During the period January to March 2020, Anji worked as an intern at Babylonstoren in South Africa, alongside the farms gardeners; planting, harvesting, pruning and mulching.
Set at the foot of the Simonsberg mountain range, in the Franschhoek wine valley, Babylonstoren is one of the oldest Cape Dutch farms in the Cape Winelands. It has a fruit and vegetable garden of beauty and diversity, unique accommodation, fine food and wine, and evokes a sense of wellbeing.

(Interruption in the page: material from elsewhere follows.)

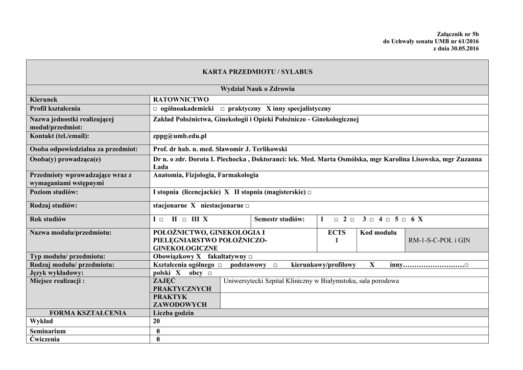 Załącznik nr 5b do Uchwały senatu UMB nr 61/2016 z dnia 30.05.2016 KARTA PRZEDMIOTU / SYLABUS Wydział Nauk o Zdrowiu Kierunek Profil kształcenia RATOWNICTWO □ ogólnoakademicki □ praktyczny X inny specjalistyczny Nazwa jednostki realizującej moduł/przedmiot: Kontakt (tel./email): Zakład Położnictwa, Ginekologii i Opieki Położniczo - Ginekologicznej Osoba odpowiedzialna za przedmiot: Osoba(y) prowadząca(e) Prof. dr hab. n. med. Sławomir J. Terlikowski Dr n. o zdr. Dorota I. Piechocka , Doktoranci: lek. Med. Marta Osmólska, mgr Karolina Lisowska, mgr Zuzanna Łada Anatomia, Fizjologia, Farmakologia Przedmioty wprowadzające wraz z wymaganiami wstępnymi Poziom studiów: [email protected] I stopnia (licencjackie) X II stopnia (magisterskie) □ Rodzaj studiów: stacjonarne X niestacjonarne □ Rok studiów I □ Nazwa modułu/przedmiotu: POŁOŻNICTWO, GINEKOLOGIA I ECTS Kod modułu RM-1-S-C-POŁ i GIN PIELĘGNIARSTWO POŁOŻNICZO1 GINEKOLOGICZNE Obowiązkowy X fakultatywny □ Kształcenia ogólnego □ podstawowy □ kierunkowy/profilowy X inny………………………□ polski X obcy □ Uniwersytecki Szpital Kliniczny w Białymstoku, sala porodowa ZAJĘĆ PRAKTYCZNYCH PRAKTYK ZAWODOWYCH Liczba godzin 20 0 0 Typ modułu/ przedmiotu: Rodzaj modułu/ przedmiotu: Język wykładowy: Miejsce realizacji : FORMA KSZTAŁCENIA Wykład Seminarium Ćwiczenia II □ III X Semestr studiów: 1 □ 2 □ 3 □ 4 □ 5 □ 6 X Samokształcenie Laboratorium E-learning Zajęcia praktyczne Praktyki zawodowe Inne …………………… RAZEM Założenia i cel przedmiotu: Opis przedmiotu: 0 0 0 10 0 0 30 Pielęgnacja i opieka nad ciężarną przyjętą do oddziału sali porodowej Rozpoznawanie ciąży prawidłowej -przebieg porodu fizjologicznego oraz postępowanie z rodzącą Sposoby rozpoznawania ciąży mnogiej, opieka i pielęgnacja kobiety rodzącej Pielęgnacja rodzącej w wodzie -znajomość zasad kwalifikowania do porodu Umiejętność badania zewnętrznego i per vaginam -rozpoznawanie ułożeń odgięciowych płodu w przebiegu porodu Znajomość zasad działania urządzeń i narzędzi wykorzystywanych podczas porodów powikłanych –kleszcze położnicze i vacuum extractor Umiejętność sprawowania fachowej opieki i pielęgnacji nad rodzącą i płodem w poszczególnych okresach porodu Prowadzenie porodu oraz pielęgnacja rodzącej z ciążą obumarłą Przygotowanie pacjentki oraz zestawów do badań diagnostycznych wykonywanych w oddziale sali porodowej -KTG, OC-test, amnioskopia, amniocenteza Umiejętność wykonania zapisu oraz jego odczytania i interpretacji Wykład multimedialny, ćwiczenia na fantomach, ćwiczenia z użyciem narzędzi, pogadanka, pokaz praktyczny, filmy edukacyjne rzutnik multimedialny, plansze, fantomy / symulatory, narzędzia, materiał opatrunkowy, sprzęt medyczny, aparatura Narzędzia medyczna (m. in. KTG, pompa infuzyjna) dydaktyczne MACIERZ EFEKTÓW KSZTAŁCENIA DLA MODUŁU /PRZEDMIOTU W ODNIESIENIU DO KIERUNKOWYCH EFEKTÓW KSZTAŁCENIA, METOD WERYFIKACJI ZAMIERZONYCH EFEKTÓW KSZTAŁCENIA ORAZ FORMY REALIZACJI ZAJĘĆ. Symbol i numer Student, który zaliczy moduł (przedmiot) wie/umie/potrafi: Odniesienie do Metody weryfikacji osiągnięcia Forma zajęć przedmiotowego kierunkowych zamierzonych efektów dydaktycznych* efektu efektów kształcenia: wpisz symbol kształcenia kształcenia Formujące Podsumowujące *** ** WIEDZA IV W_01 wykazuje znajomość prawidłowych struktur organizmu ludzkiego: OM1_ W01 Zaliczenie Test W komórek, tkanek, narządów, układów; dopasowania, T/N wstępne lub uzupełniania odpowiedzi IV W_09 zna i rozumie mechanizmy prowadzące do nagłych OM1_W03 Zaliczenie Testy W zagrożeń wstępne dopasowania, T/N Metody dydaktyczne zdrowia i życia; IV W_12 zna metody ograniczania bólu; OM1_W03, OM1_W05 UMIEJĘTNOŚCI potrafi ocenić stan pacjenta w celu ustalenia postępowania OM1_U01 IV U_1 IV U_3 posiada umiejętność układania pacjenta w pozycji właściwej dla rodzaju schorzenia lub odniesionych obrażeń ciała; OM1_U04 OM1_U05 Zaliczenie wstępne Zal. każdego ćwiczenia Zaliczenie poszczególnych czynności Zal. każdego ćwiczenia Zaliczenie poszczególnych czynności Zaliczenie poszczególnych czynności IV U_4 potrafi prowadzić podstawowe czynności resuscytacyjne u dorosłych i dzieci OM1_U01 OM1_U05 IV U_5 potrafi prowadzić zaawansowane czynności resuscytacyjne u dorosłych i dzieci OM1_U01 OM1_U05 IV U_23 potrafi oznaczać poziom glukozy z użyciem glukometru IV U_32 potrafi odebrać poród nagły w warunkach pozaszpitalnych; OM1_U01 OM1_U02 OM1_U05 OM1_U01 OM1_U02 OM1_U05 IV K_01 KOMPETENCJE SPOŁECZNE / POSTAWY jest przygotowany do aktywnego uczestniczenia w grupach OM1_K01 (zespołach) i organizacjach, realizujących cele społeczne; lub uzupełniania odpowiedzi Test dopasowania, T/N lub uzupełniania odpowiedzi W Obserwacja pracy studenta podczas zajęć Ć, ZP, Realizacja zleconego zadania Obserwacja pracy studenta podczas zajęć Ć,ZP, Realizacja zleconego zadania Obserwacja pracy studenta podczas zajęć Ć,ZP, Realizacja zleconego zadania Ocena 360, samoocena IV K_09 Potrafi określić priorytety w działaniu OM1_K05 NAKŁAD PRACY STUDENTA (BILANS PUNKTÓW ECTS) Forma nakładu pracy studenta (udział w zajęciach, aktywność, przygotowanie sprawdzenie, itp.) Godziny kontaktowe z nauczycielem akademickim (wg planu studiów) Udział w wykładach (wg planu studiów) Udział w ćwiczeniach(wg planu studiów) Udział w seminariach (wg planu studiów) Udział w konsultacjach związanych z zajęciami Obciążenie studenta na zajęciach wymagających bezpośredniego udziału nauczycieli akademickich (zajęcia praktyczne) (wg planu studiów) Samodzielna praca studenta (przykładowa forma pracy studenta) Samodzielne przygotowanie do ćwiczeń Samodzielne przygotowanie do seminariów Wykonanie projektu, dokumentacji, opisu przypadku, samokształcenia itd………………………………. Przygotowa

In 2007, French architect Patrice Taravella was commissioned to design the layout of the garden. Set within 3,5 hectares (8 acres) of cultivated fruit and vegetables, the big garden at Babylonstoren is at the heart of the farm.
It was inspired by the historic Company's Garden in Cape Town, which supplied sailing ships of the Dutch East India Company with fresh vegetables and fruit during the days when the Cape was a halfway station between Europe and Asia. But we also link back to the mythological hanging gardens of Babylon, created by Nebuchadnezzar in the sixth century BC, for his wife, who longed for her youth's mountains and valleys.
The garden comprises 15 clusters spanning vegetable areas, stone and pome fruits, nuts, citrus, berries, bees, herbs, ducks and chickens, a prickly pear maze, and more.
Gravity feeds water from a stream by rills into the garden, flowing through ponds planted with edible lotus, nymphaea lilies, and waterblommetjies.
Every one of the more than 300 varieties of plants in the garden is edible or has medicinal value. They are also grown as organically as possible and in a biologically sustainable manner. The fruit and vegetables from the garden are harvested all year round for use in two farm-to-fork restaurants.
Along the garden's edge, a natural stream flows from the Simonsberg Mountain to the Berg River, creating a space for indigenous wild olives to flourish. In their shade, a collection of some 7000 clivia lilies explode in a spectacular display every spring.